NutreStore™ should be administered as a cotherapy with recombinant human growth hormone [see the package insert for somatotropin (rDNA origin) for injection for full prescribing information] followed by continued NutreStore™ for up to 16 weeks.
The recommended dosage of NutreStore™ is 30 g daily in divided doses (5 g taken 6 times each day orally) for up to 16 weeks. Each dose of NutreStore™ (5g) should be reconstituted in 8-oz (250-mL) of water prior to consumption.

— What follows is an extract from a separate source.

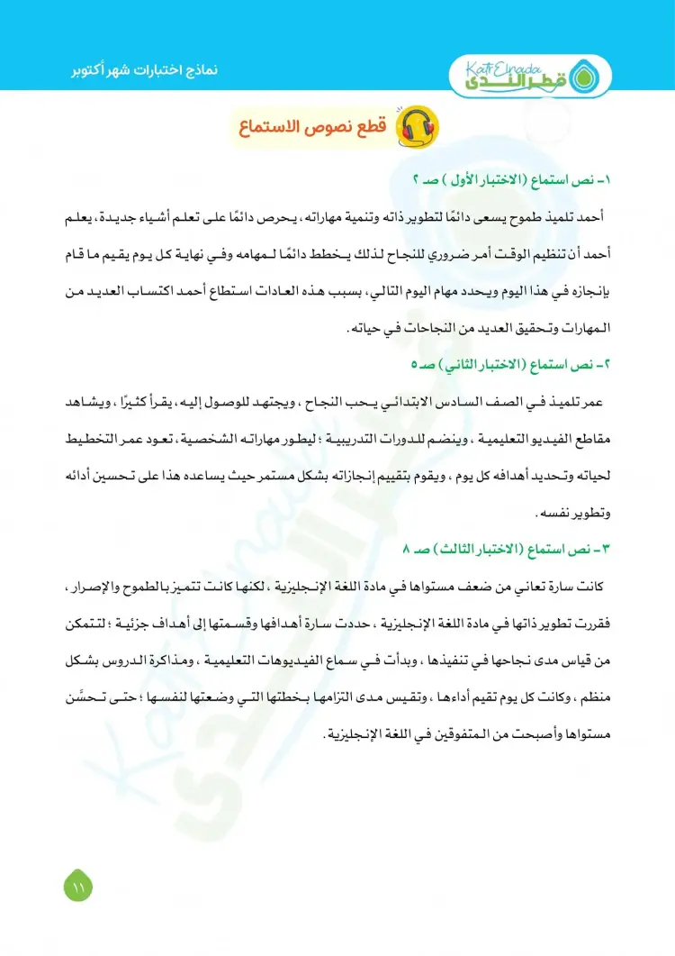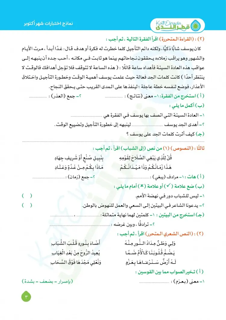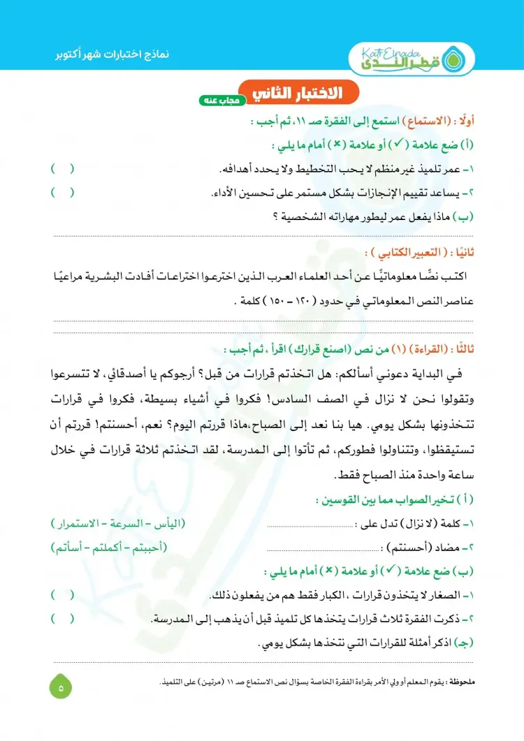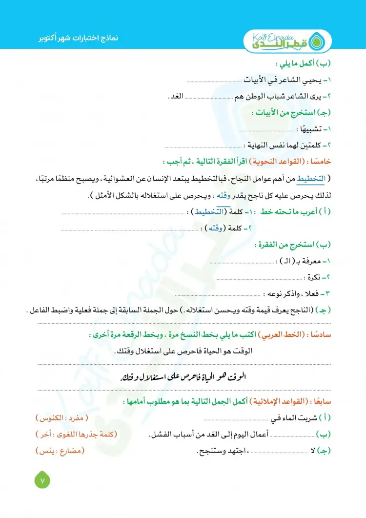 نماذج امتحانات شهر أكتوبر عربي الصف السادس الابتدائي 2025 بالإجابات

NutreStore™ should be taken with meals or snacks at 2- to 3-hour intervals while awake. The volume of water may be varied according to the patient's preference. In the event of a patient's transient intolerance to oral intake, a dose may be delayed for up to 2 hours. The safety and efficacy of NutreStore™ have not been studied beyond 16 weeks of treatment.

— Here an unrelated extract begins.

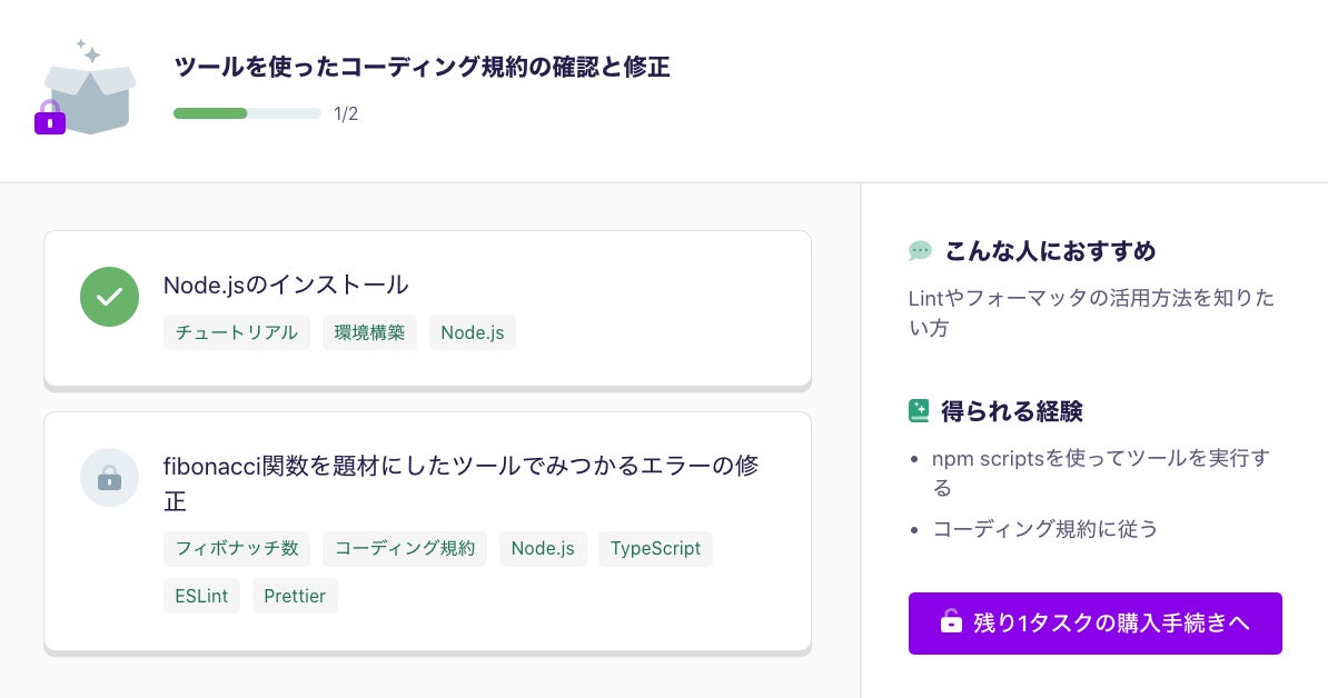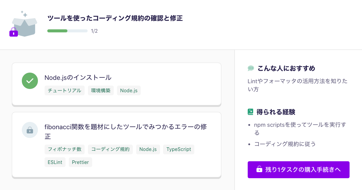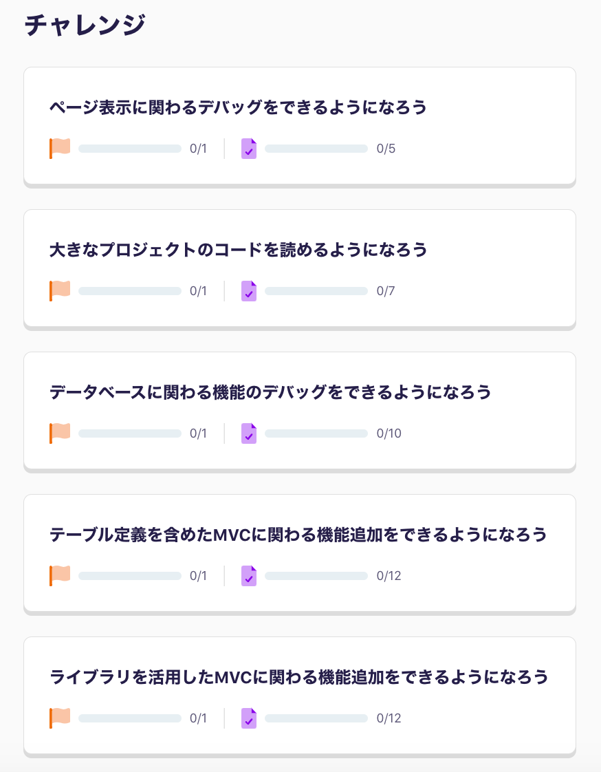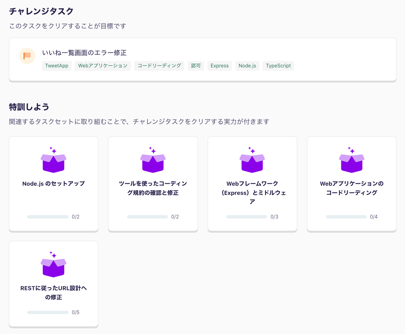 学習目的に対してチャレンジタスクと特訓タスクが用意されています。特訓タスクはチャレンジタスクに必要なスキルを分解した学習になっており、チャレンジタスクがクリアできない場合は特訓タスクで自分に必要なスキルを選択して学習することができます。

NutreStore™ is supplied in preprinted paper-foilplastic laminate packets containing 5 g of L-glutamine powder.
NutreStore™ (L-glutamine powder for oral solution) should be stored at 25°C (77°F) with excursions allowed to 15°-30°C (59°-86°F). [See USP Controlled Room Temperature].
For additional information concerning NutreStore™,
contact: Emmaus Medical, Inc. 20725 S. Western Ave., Suite 136 Torrance, CA
90501-1884
Manufactured by: Anderson Packaging, Inc., 4545 Assembly
Drive, Rockford, IL 61109. Revised: Jan 2008
Table 3 provides the number of subjects by system-organ class experiencing at least one adverse event during the 4- week treatment period of the SBS study. To be listed in Table 3, an adverse event must have occurred in more than 10% of subjects in any treatment group.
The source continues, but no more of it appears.